А еще девушку восхищали собаки. Эти валлийские овчарки были прирожденными пастухами, для которых работа — смысл жизни. И если отара растягивалась, то стоило свистнуть Дроку и Лисе, как собаки срывались с места и носились вокруг овец, собирая их в плотную массу. Замечательные были собачки. Милдрэд дивилась их неутомимости, неприхотливости и работоспособности, и Родри тоже гордился ими. Правда, в отличие от девушки, он никогда не ласкал псов, иногда лишь вычесывал у них из шкуры колючки и проверял, нет ли в их густой шерсти клещей. Милдрэд же любила лишний раз погладить псов, сама вызвалась их кормить, порой просто бегала и дурачилась с ними. И спали они подле нее, чаще всего Лиса, которую Милдрэд особенно привечала.

Спать на воздухе оказалось даже приятно. Ночи были короткими, светлело рано, а темнело поздно. Милдрэд не просыпалась даже на рассвете, когда скорее всего можно было ожидать нападения волка и когда Родри поднимался, чтобы с собаками обойти отару. Девушка вставала позже, гнала овец на водопой, пока Родри доил корову и готовил нехитрый завтрак. Однако, когда Родри предложил ей выстригать у овец под хвостами, чтобы они не так пачкали шерсть, девушка с негодованием отказалась.

Родри сокрушенно вздыхал.

— Олвен! — только и сказал он, опять назвав ее этим странным именем, к которому она постепенно стала привыкать. Однако в этот миг ей почудилась в нем едва ли не насмешка.

— Знай свою работу, пастух! — огрызнулась юная леди.
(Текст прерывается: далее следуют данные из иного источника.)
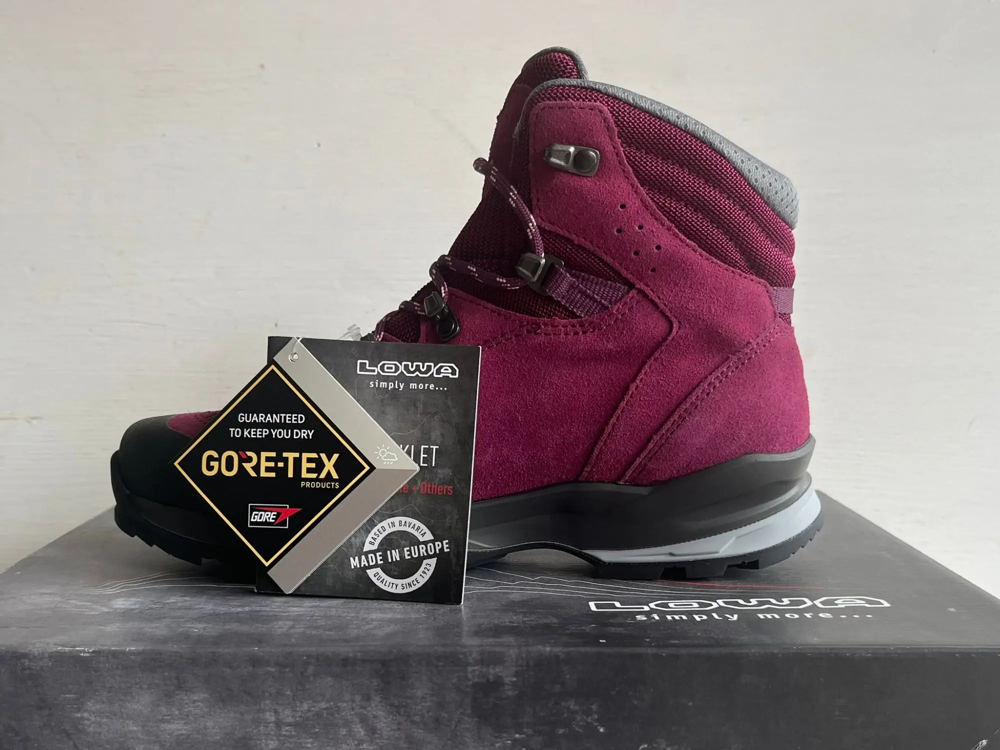 Neu OVP 220701-3705 UVP: 220 € Der LO­WA TU­CA­NA GTX Ws ist ein viel­sei­ti­ger, halb­ho­her Trek­king-Schuh, der spe­zi­ell für Wan­de­run­gen in Mit­tel­ge­bir­gen und Aus­flü­ge in die Na­tur kon­zi­piert wur­de. Der Schaft be­steht aus ei­nem ro­bus­ten Mix aus Spalt­le­der und Tex­til, der für Sta­bi­li­tät sorgt. Die Pass­form lässt sich durch Tief­zu­g­ha­ken und zu­sätz­li­che Ha­ken an der Bor­dü­re in­di­vi­du­ell an­pas­sen, so­dass der Fer­sen­halt op­ti­miert und die Fü­ße auch beim Auf- und Ab­stieg si­che­ren Halt fin­den. Ein be­son­de­res High­light ist die was­ser­dich­te GO­RE-TEX®-Mem­bran, die für ein dau­er­haft aus­ge­gli­che­nes Fu­ßkli­ma sorgt und die Fü­ße bei al­len Wet­ter­be­din­gun­gen tro­cken hält, wäh­rend schwit­zi­ge Fü­ße ver­mie­den wer­den. Die sta­bi­len TPU-Ze­hen­schutz­kap­pen bie­ten Schutz vor spit­zen Stei­nen und lo­sem Ge­röll. Die fle­xi­ble LO­WA® ELI­KA PRO Soh­le mit mul­ti­di­rek­tio­nal an­ge­ord­ne­ten Pro­fil­kan­ten ga­ran­tiert her­vor­ra­gen­de Trak­ti­on auf viel­fäl­ti­gen Un­ter­grün­den. Der Schuh ist mo­derat steif, was für an­ge­neh­me Sta­bi­li­tät und Fle­xi­bi­li­tät sorgt. Mit ei­nem Ge­wicht von ca. 1010 Gramm pro Paar (Grö­ße 38) ist der TU­CA­NA GTX Ws leicht und ide­al für län­ge­re Tou­ren. Auf­fäl­li­ge seit­li­che Prints und ge­stick­te De­si­gnele­men­te un­ter­strei­chen das sport­li­che De­sign des in Bor­deaux-Ro­se ge­hal­te­nen Mo­dells. Ins­ge­samt ist der LO­WA TU­CA­NA GTX Ws ein funk­tio­na­ler, be­que­mer und wet­ter­fes­ter Trek­king-Schuh, der Schutz, Kom­fort und Per­for­mance für Out­door-Aben­teu­er bie­tet. Merk­ma­le was­ser­dich­te GO­RE-TEX Mem­bran Sta­bi­ler Spalt­le­der-Tex­til-Mix TPU-Ze­hen­schutz­kap­pen mehr­fach ver­stell­ba­re Ha­ken mul­ti­di­rek­tio­na­le Pro­fil­soh­le Vor­tei­le op­ti­ma­ler Fer­sen­halt dau­er­haft tro­cke­nes Kli­ma ro­bus­ter Schutz vor Stei­nen in­di­vi­du­ell an­pass­ba­re Pass­form ho­her Tra­ge­kom­fort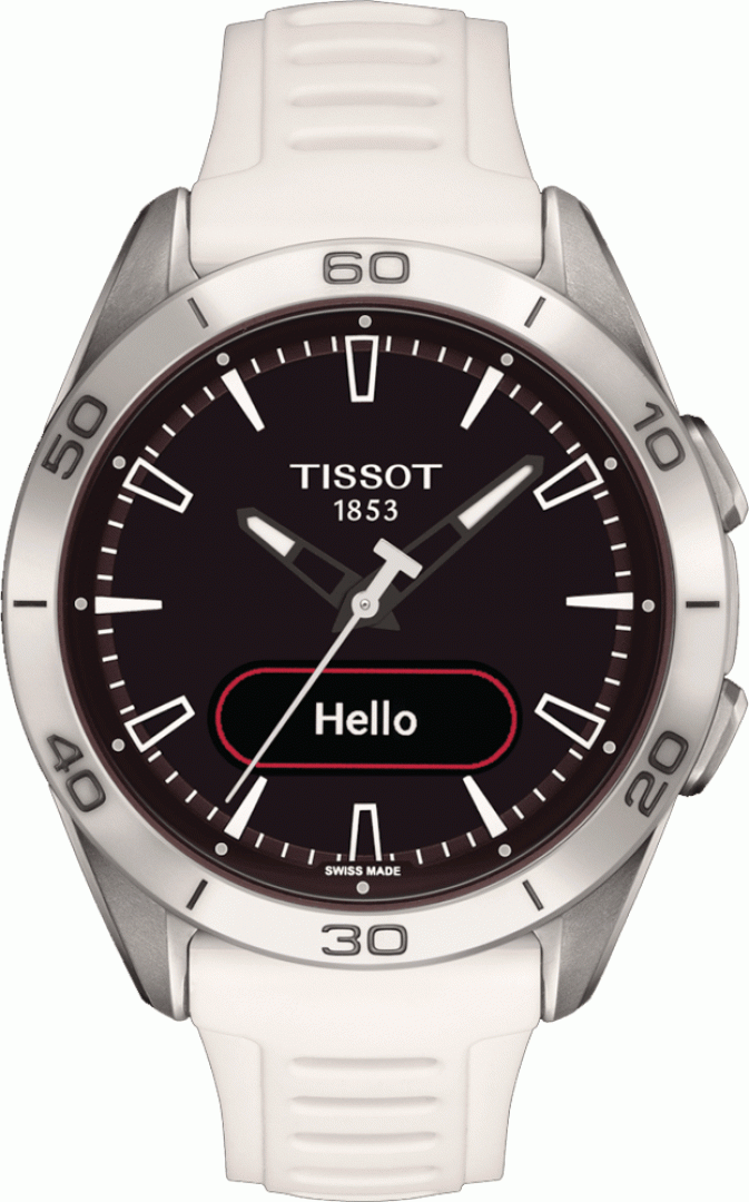 Tissot T-Touch Connect Sport Bluetooth, Solar, 43 mm. Die Uhr hat folgende Funktionen: Alarm, Dualzeit, Datum, Lumineszenz, Herzfrequenzüberwachung, Beleuchtung, Countdown, Stoppuhr, Weltzeit, Trainingsfunktionen, Datum , ewiger Kalender, Höhenmesser , multifunktional, Bluetooth®, Touchscreen und Barometer. Die Grundparameter der Uhr sind: ziffernblattfarbe ist schwarz, bewegungsart ist Quarzuhren und spezial, wasserabweisend ist 50 m und armbandmaterial ist Gummi.

Постепенно она даже стала находить своеобразное удовольствие в пастушеской жизни. В этой пустынной местности она вместе с собаками бегала, как козочка, по склонам в своей короткой рыжей тунике без рукавов, позволив волосам свободно развеваться за спиной.

Такой ее однажды и увидели возникшие словно из ниоткуда трое валлийцев. Милдрэд их испугалась: они показались ей сущими дикарями — в меховых накидках, в коротких туниках и с голыми ногами, перетянутыми до колен крест-накрест ремнями, удерживавшими грубые башмаки. Их длинные волосы были лишь немногим короче, чем у нее, сильные руки украшала замысловатая татуировка, а взгляды были суровыми. При их появлении Милдрэд сразу кинулась к пастушьей хижине, во весь голос зовя сестру Урсулу. Однако когда та возникла из хижины в своем темном бенедиктинском одеянии, валлийцы поклонились ей с почтением. Сестра Урсула, сама будучи наполовину валлийкой, тут же перешла на местный язык, они переговорили, и когда лохматые парни из Уэльса взяли свои короткие луки и собрались уходить, они приветливо простились как с ней, так и с тревожно поглядывавшей на них Милдрэд.

— Тебе не стоит их так пугаться, — сказала монахиня, когда три силуэта в последний раз мелькнули на гребне холма. — Это всего лишь селяне из Лланселина, — она указала на дальнюю гряду, откуда порой долетал благовест колокола. — Они не безбожники, а в Лланселине есть небольшой храм Святого Силина, куда они ходят молиться. И хотя местная кельтская церковь отличается от нашей, валлийцы почитают священнослужителей. Своих обителей они не устраивают, но к монахиням-отшельницам относятся с глубочайшим уважением. Меня они приняли за одну из таких. К тому же я напомнила, что эта земля охраняется самим Черным Волком, а его они почитают.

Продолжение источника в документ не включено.